Çok ihtiyaç var çok…

Biz bizi durmadan döverken…

Biz bizi durmadan aşağılarken…

Biz bizi tam da orta yerden bölerken…

Biz bize karalar çalıp, vicdansız ve de insafsız iftiralar atarken…

Yurtta ve cihandaki hainleri her zaman diliminde sevindirirken…

Çok ihtiyaç var çok…

Neye? Elbette ki Milli Birlik ve Beraberliğe…

Elbette ki yeni açılımıyla ‘TÜRKİYE İTİFAKI’NA…

Hele hele bu son yerel seçimlerdeki meydan meydan ayrıştırıcı siyasal söylemlerden sonra…

Hele hele devleti yönetenlerin:

Hem polis, hem savcı, hem de hakim koltuğuna oturarak:

İşlerine gelmeyenlere, bir YARGISIZ İNFAZ muamelesi yaptıktan sonra…

Yasal açıdan herhangi bir suçu olmayan vatandaşlarla siyasi partilere, nice haksız etiketler yapıştırıldıktan sonra…

Ne uğruna? Elbette ki birkaç oyla birkaç koltuk uğruna…

Ne uğruna? Elbette ki iktidarda kalma uğruna…

Ne yaparak? Elbette ki vatandaşları ayrıştırıp ötekileştirerek…

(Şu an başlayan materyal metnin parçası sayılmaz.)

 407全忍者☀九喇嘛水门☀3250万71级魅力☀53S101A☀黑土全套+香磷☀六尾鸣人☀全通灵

Ne yaparak? Devlet adamına yakışmayan nice aşağılayıcı söylemleri, meydan meydan sıralayarak…

Seçimi kazanırken muzaffer olup, kaybederken de türlü türlü iplere türlü türlü unlar sererek…

Evetevet, TÜRKİYE İTTİFAKI’NA çok ihtiyaç var çok…

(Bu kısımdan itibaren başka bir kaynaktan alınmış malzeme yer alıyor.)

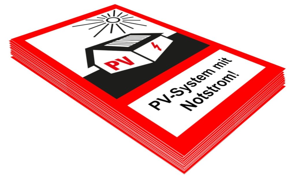 PV MARKER NOTSTROM VPE 10 Adesivo di avvertimento PV Vigili del fuoco / Alimentazione di emergenza - 90 x 100 mm Per impianti fotovoltaici in combinazione con un sistema di alimentazione di emergenza, da applicare sul quadro elettrico di distribuzione 1 blocco da 10 adesivi

Yandaş medyanın rüzgarıyla, bir dayanılmaz saldırı ve kavga siyaseti yapanlar yüzünden:

Ne ekonomi ve eğitim güven veriyor, ne de demokrasiyle adalet…

Geç kalsalar da bu kötü gidişatın farkında olacaklar ki…

Bundan sonra ‘TÜRKİYE İTTİFAKI’ kurulmalıdır arayışıyla gündeme oturdular!

Kurulsun elbette kurulsun! Bunu hangi vatansever istemez ki…

Ne var ki, insanın kanına dokunan uygulamaların tam da bu ‘TÜRKİYE İTTİFAKI’ çıkışından sonra sürmesidir!

Bizim Anadolu Sözü gibi: ‘ Bu ne perhiz bu ne lahana turşusu’…

Bu ülkenin Ana Muhalefet Lideri’ne linç saldırısı yapılıyor:

Ancak bu ülkenin Cumhurbaşkanı, bir gün sonra bir sosyal medya ile açıklama yapıyor o kadar!

Daha ilk günden ne bir ziyaret var, ne de bir geçmiş olsun dileği…

Sahi bu anlayışla mı Milli Birlik Ruhu (TÜRKİYE İTTİFAKI) sağlanacaktır!

Organize linç girişimi yapanlar tespit edildiği halde:

Tamamı serbest kaldı, hatta bir kahraman edasıyla karşılandılar!

Size öyle… Bize böyle adaletiyle, hiç bu ülkeye sosyal barış gelir mi?

Ergenekon, Balyoz ve benzeri kumpaslarının açtığı toplumsal yaralar daha sarılmamışken:

Devlet adamları da bir yandan yargısız infaz yapma peşindeyken…

Hiç bu ülkeye Milli Birlik ve Beraberlik ruhu uğrar mı?

Mademki bu MİLLİ BİRLİĞİN (TÜRKİYE İTTİFAKI)NIN yeniden oluşumuna acil ihtiyaç vardır!

Öyleyse önce yöneten siyasete mensup olanlar:

Bu millettin tamamını kucaklayacak bir saygın iletişim dili kullanmalıdır!

Ne işlerine gelmeyen herkese ve her kuruma TV TV olmayacak karalama işine girmeliler…

Ne de TBMM çatısı altın bulunanlara, mahkeme kararı olmadığı halde kendi siyasal çıkarları doğrultusunda kara çalmalılar:

‘Bunlar teröristtir, onlar da bunlarla birlikte iş yapıyor…

Falanca yerden emir alıyorlar…

Bunları falanca yere sokmayın…

Bunlardan hesap sorulacak…

Hainler… İşbirlikçiler…

BEKA sorunumuz var…

Çamur, çukur, çöpler gibi daha nice incitici ve de kırıcı iletiler…

Sahi, tüm bu çıkışlar: Kime ya da kimlere?

Elbette ki bu ülkenin saygın siyasal partilerine…

Elbette ki bu partilere oy verenlere doğru savurulan yakışıksız sözler…

Bu ülkenin, Birlik ve Beraberliğini parçalayıcı sözler…

Mademki ‘TÜRKİYE İTTİFAKI’…

Öyleyse Kenan Evren’in darbeli mevzuatları tamamen değiştirilerek:

Çağdaş yasalara bir an önce yer verilmeli…

Parlamenter Sistem’e geri dönülerek: Kuvvetler ayrılığı sağlanmalıdır!

Bunları yaparak, milletin devlete olan güveni yeniden tesis edilmelidir!